Comment Submission for the W3C's Patent Policy Group

(Please accept this submission if you are using a UTC deadline; your submission address in your FAQ online at http://www.w3.org/2001/08/16-PP-FAQ.html includes an extra "s" at the end of your list name in Section 0-4.)


   Dear Sirs and Madams:

   I am an Electrical Engineer who has worked for the commercial market, academia, and government.  I am a member of ICANN's At-Large group as well as the Institute of Electrical and Electronics Engineers.  The patent proposal in question, while possibly beneficial, poses more questions than answers.

   As the patent policy working group's FAQ document notes, there are a variety of patent standards used around the world.  Items may be patented in one country but not another.  The patent policy group's mission (and it is a reasonable one) is to determine the cases when patented material is allowed to be used in W3C standards.  But allowing patent holders to make demands of standards groups for their property is an unreasonable proposition.

   The working group's policy as currently described could require payments to patent holders when no royalties are legally required.  A case in point would be the RSA encryption algorithm, patented in the United States until recently.  While U.S. developers were unable to incorporate RSA support into Internet browsers without payment to RSA Inc., foreign implementations of RSA not requiring royalties were plentiful and in some cases free.  The RAND license does not seem to take into account patent's expiration; royalties collected under it (if allowed) must stop once no longer required.

   The main patent area of the W3C's concern, algorithm patents, are only recognized in a few countries.  Again the RSA algorithm is cited as an example of this.  The vast majority of non-U.S. developers and software users are not held accountable to these patents.  As an international group the W3C should not feel the need to cater to the few countries that do allow these.

   Allowing patented algorithms to be used in standards only encourages speculative patenting of potential next moves.  Rambus and their memory patents should be on top of everyone's mind when it comes to standards groups and patents.  One can find alternatives to patented material if one chooses to look.  Even GIF image developers (once dependent on the U.S. patented LZW compression algorithm) have found patent-free ways of encoding their works.

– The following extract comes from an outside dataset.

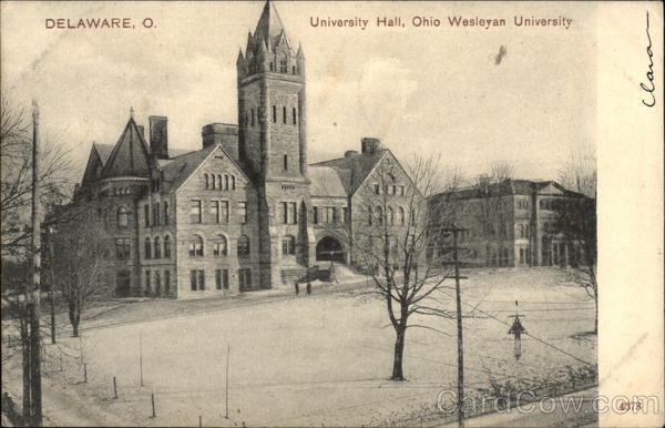 Front: DELAWARE, O. University Hall, Ohio Wesleyan University 전판 4373 Back: Delaware, Ohio H. S Latham, Publisher, 21 W. Winter St. PEK POŠMAY AWARE 5-PM OHIO 19 09 U.S.POSTAG Mir Gertrude Roose Perrysburg Olio 0

   While I am by no means an open-source software fanatic, the RAND and RF licenses run contrary to attempts by these projects to synchronize their licenses and interchange formats.  For years the W3C has been attempted to do *exactly* that by synchronizing how academic, commercial, government, and personally designed programs and devices communicated.  Mind you, I have no problems with patents being licensed free of charge and free of restrictions into W3C standards; W3C just should not put any usage limitations on their implementers.

   Standards groups work best when anyone and everyone can implement a standard regardless of race, background, ability to pay, or third-world nation status.  Requiring payments for patents or other patent-based restrictions defined by the vague term "reasonable" runs contrary to these goals.

   While I admire the W3C's attempt to accommodate legal concepts such as choice of venue on behalf of patent holders, the W3C must be aware that there are countries which simply would toss those provisions out.  Given such a case, would the W3C be willing to ban something like HTML 6.0 from usage in parts of the world?

   Sincerely,
   Samuel Greenfeld


   NOTE: These views are my own, and should not be considered those of any other entity mentioned above.  All trademarks are their owners.  Would putting a visible statement like this in every HTML page and XML document be considered a "reasonable" patent license?